Не успели мы вывести и половины.
Они пришли к восточному входу на рассвете — не лезть, а душить.
Лезть в тоннель после Чыонга они не стали: Чыонг, видно, рассказал и про колодцы-ловушки, и про бамбук на дне, и про то, как мы режем тех, кто суётся в лаз. Поэтому в лаз они не сунулись. Они поступили умнее и страшнее. Они стали нас выкуривать.
Сверху, в устье восточного входа, заработал мотор. Я узнал звук — компрессор, помпа, — и сердце у меня упало, потому что я знал, что будет. В лаз пошёл дым. Густой, жирный, химический дым, который они нагнетали помпой под свод, чтобы он растёкся по коленам и выдавил нас наверх, под стволы, или задушил внизу. А следом за дымом, я знал, пойдёт вода — они подтянут шланги от реки и зальют колена, утопят то, что не выкурили.
В восточном колене в этот час было пятнадцать человек. И я среди них.
Дым шёл низом, тяжёлый, стелющийся, и в свете гаснущих плошек было видно, как он наползает по полу серой рекой, как поднимается, занимая ярус снизу вверх. Люди закашлялись. Кто-то кинулся к ближнему лазу наверх — туда, где ждали стволы. Я перехватил его, свалил, рявкнул сквозь нарастающий кашель:
— Наверх нельзя! Там убьют! Вниз! Все вниз, в третий ярус, за водяной затвор!
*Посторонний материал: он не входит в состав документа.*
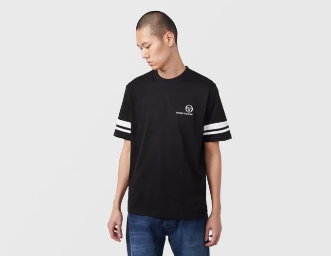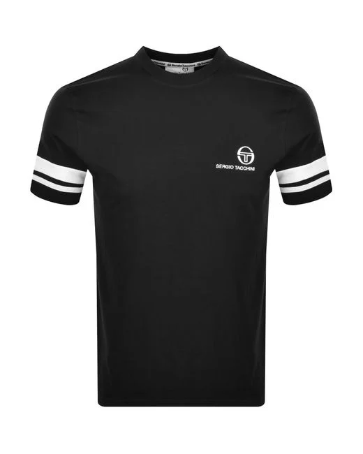 Sergio Tacchini Frankie T Shirt In Black And White. A classic jersey t shirt with a ribbed crew neckline and short sleeves. The signature Sergio Tacchini logo is embroidered on the left of the chest. Two panels situated on the sleeves. 100% Cotton.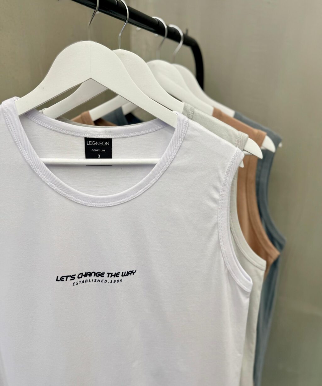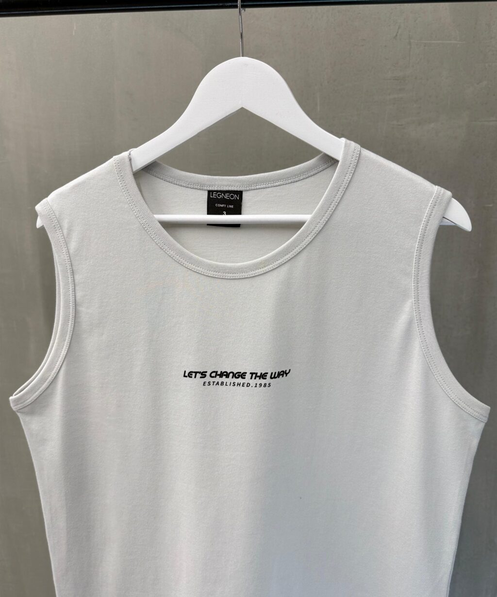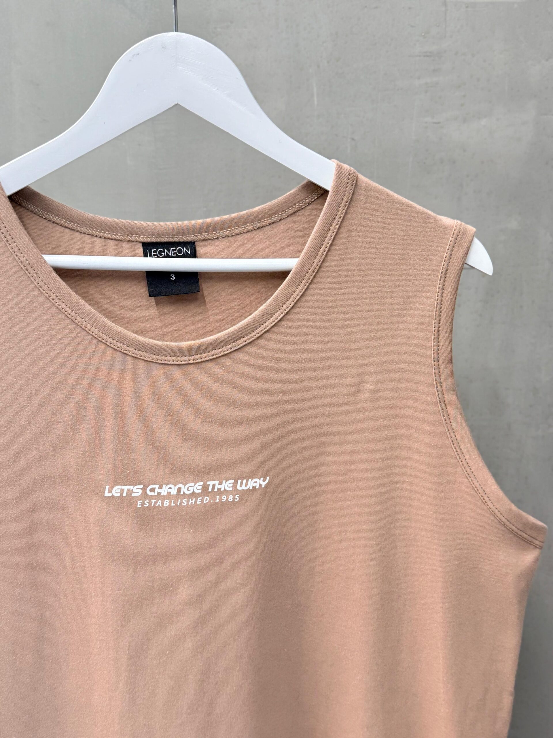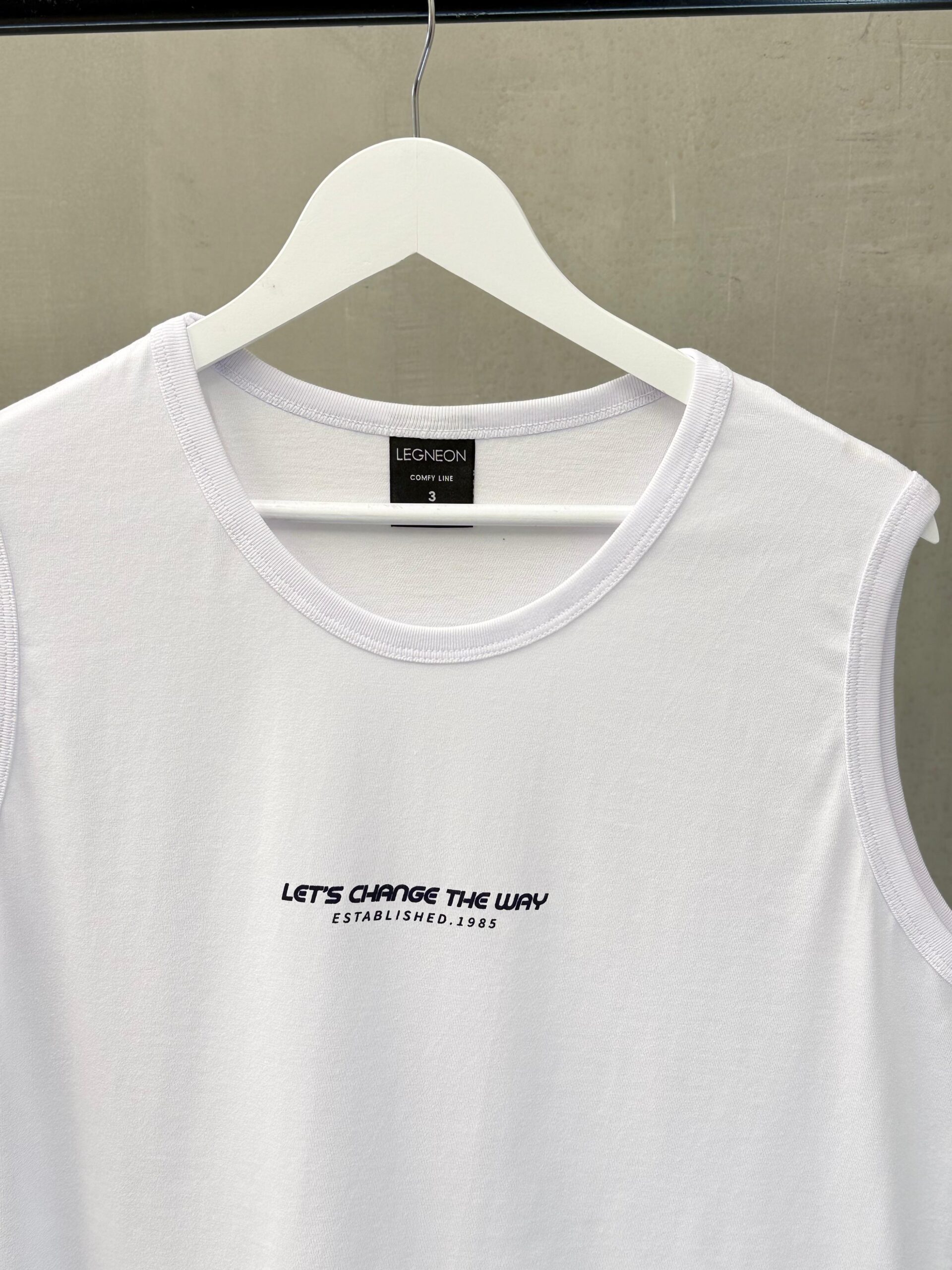 Remera sin manga estampada en tela Jersey algodon 100%, con cuello ribb.

Вот тут и спасла нас стариковская хитрость, та самая, которой подивился я в первый свой спуск, — водяные затворы. Колена ныряли вниз и выгибались вверх горлом бутылки, и дым, тяжёлый, как вода, не мог перевалить через это горло — оседал в нижней петле и вставал. Я гнал людей в третий ярус, через затворы, и за каждым затвором дым отставал, упирался в изгиб, не шёл дальше. Мы ныряли в эти глиняные горла, захлёбываясь, по пояс в застойной воде, таща тех, кто уже падал, и за нами оставался дым, бессильный перед простым коленом, которое слепой крот вырыл против слепого газа пятнадцать лет назад.
А следом пошла вода.
Они залили колена от реки — этого я и ждал, едва застучал мотор. Вода хлынула сверху, по лазам, и стала прибывать — быстро, чёрная, холодная. Водяные затворы, спасшие нас от дыма, теперь оборачивались против нас: вода вставала в тех же горлах, запирая ходы, и третий ярус, наше убежище, начал заполняться. Мы оказались в мешке — дым сзади, вода снизу, стволы наверху. Это Тёрнер. Это его рука, грамотная, безжалостная, всё просчитавшая: он не лез к нам, он закупоривал нас в нашей же норе и ждал, когда мы захлебнёмся или полезем наверх, на убой.
Почти получилось.
Я вёл их в темноте, по горло в прибывающей воде, на ощупь, по памяти Тхая и по своему счёту шагов, к единственному, что могло спасти, — к дальнему, аварийному выходу у самой реки, тому, что Шау показал мне в первый день: «на случай, если всё остальное завалят». Всё остальное заваливали и топили прямо сейчас. Вода дошла до груди, до горла. Кто-то не дотянул — захлебнулся в темноте, тихо, без крика, и я не смог обернуться, потому что обернуться значило погубить остальных. Я считал шаги и тянул живых, и вода поднималась быстрее, чем я шёл, и за десять шагов до выхода её стало по подбородок, и я уже думал, что просчитался, что выход тоже залит, что это конец, — и тут рука нащупала вверху, над водой, край аварийного лаза, сухой, спасительный край.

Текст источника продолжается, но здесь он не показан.